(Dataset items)
##########

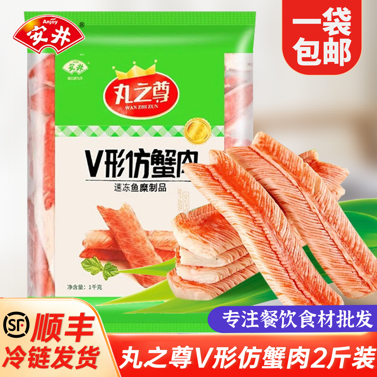 安井丸之尊V形仿蟹肉1kg蟹味棒寿司手撕蟹柳麻辣烫关东煮火锅食材
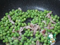 Добавить зеленый горошек, черный перец и обжаривать пару минут. |
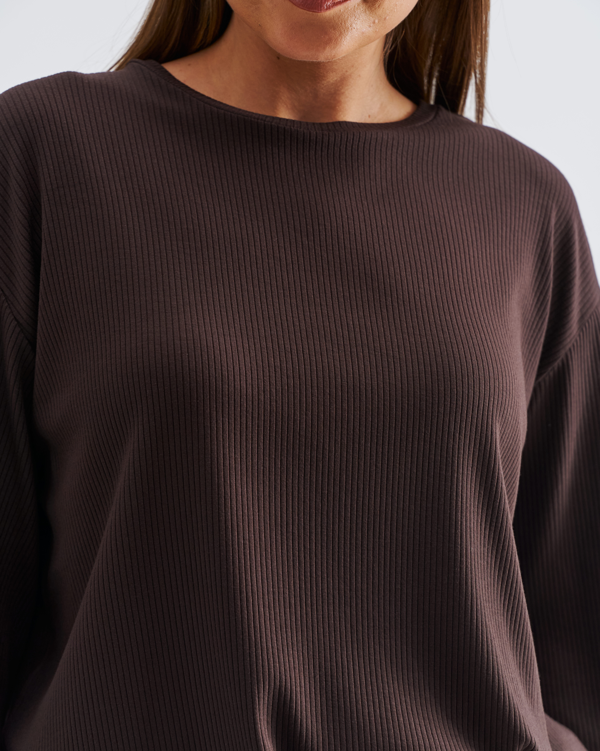 Prążkowana tkanina nadaje jej bardziej wyrazisty charakter, a głęboki odcień brązu pięknie wpisuje się w nowoczesną, kobiecą garderobę.
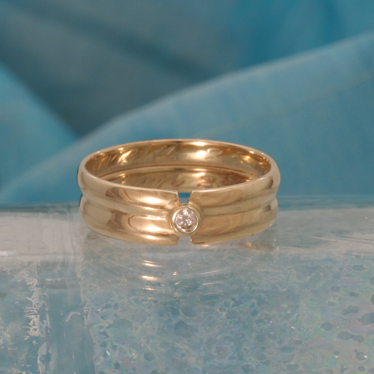 Twee trouwringen samengevoegd. Met een briljant van 0.05 crt.
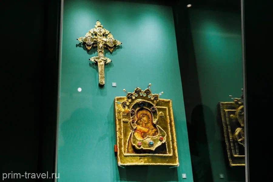 Редко покидает Оружейную палату роскошная группа регалий, используемая на церемонии венчания на царство. Саккос (архиерейское богослужебное облачение), митра (богослужебный головной убор) и поручи (нарукавники), представленные в зале «Венчание на царство», позволяют представить великолепие самого действа. Кстати, поручи патриарха Иоакима за пределами Московского Кремля представлены впервые именно на выставке во Владивостоке.
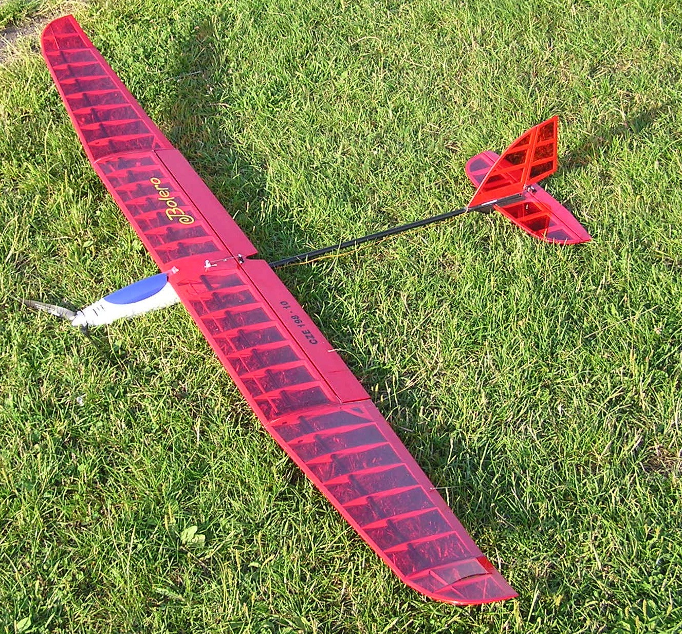 | konstrukce: celobalzová křídla a ocasní plochy potaženy nažehlovací folíi. Konstruktér Luboš Rezler |

##########

→ What the exercise asks
Output should consist of the lines above from the one with "Prążkowana tkanina nadaje" down to the one with "Twee trouwringen samengevoegd.", exact and without pictures.

→ Response
 Prążkowana tkanina nadaje jej bardziej wyrazisty charakter, a głęboki odcień brązu pięknie wpisuje się w nowoczesną, kobiecą garderobę.
 Twee trouwringen samengevoegd. Met een briljant van 0.05 crt.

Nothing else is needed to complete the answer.